## Work required
The following data is to be repeated exactly, its pictures excluded.

## Supplied information
=====
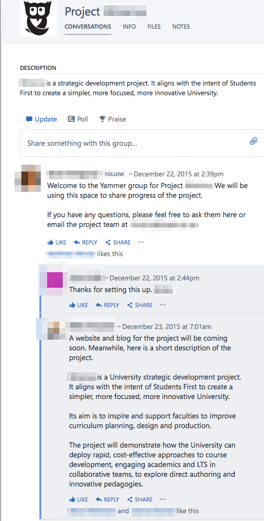 Screen Capture of Yammer Thread on Innovation Project (Project name and people engaged removed for confidentiality reasons)
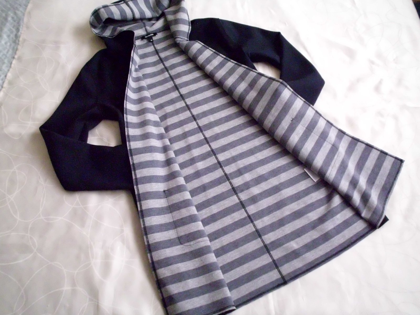 Predám kardigan More&More vel. 38-M , dĺžka 83 cm, šírka 50 cm, rukáv 61 cm od pleca, zloženie na foto , bez zapínania, 2 vrecká, kvalitný príjemný pružný materiál, tmavomodrá farba vnútro pásik, top stav
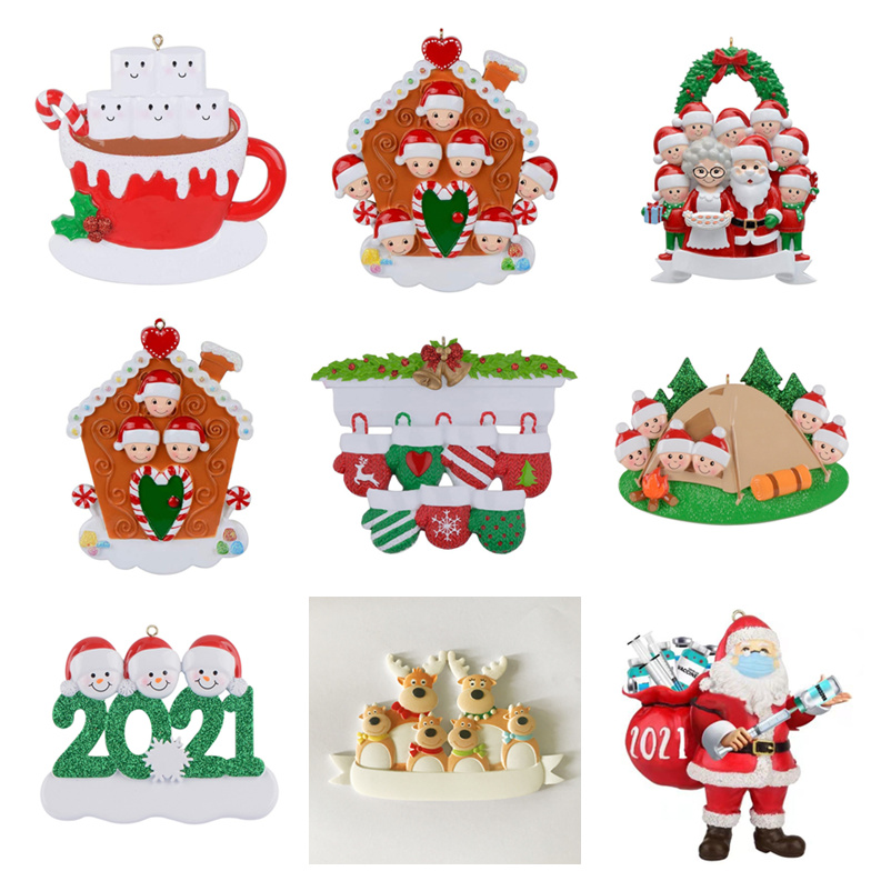 Festive Christmas Ornaments Decorations Quarantine Survivor Resin Ornament Creative Toys Gift Tree Decor Mask Snowman Sanitized Family
=====
## Answer area
 Screen Capture of Yammer Thread on Innovation Project (Project name and people engaged removed for confidentiality reasons)
 Predám kardigan More&More vel. 38-M , dĺžka 83 cm, šírka 50 cm, rukáv 61 cm od pleca, zloženie na foto , bez zapínania, 2 vrecká, kvalitný príjemný pružný materiál, tmavomodrá farba vnútro pásik, top stav
 Festive Christmas Ornaments Decorations Quarantine Survivor Resin Ornament Creative Toys Gift Tree Decor Mask Snowman Sanitized Family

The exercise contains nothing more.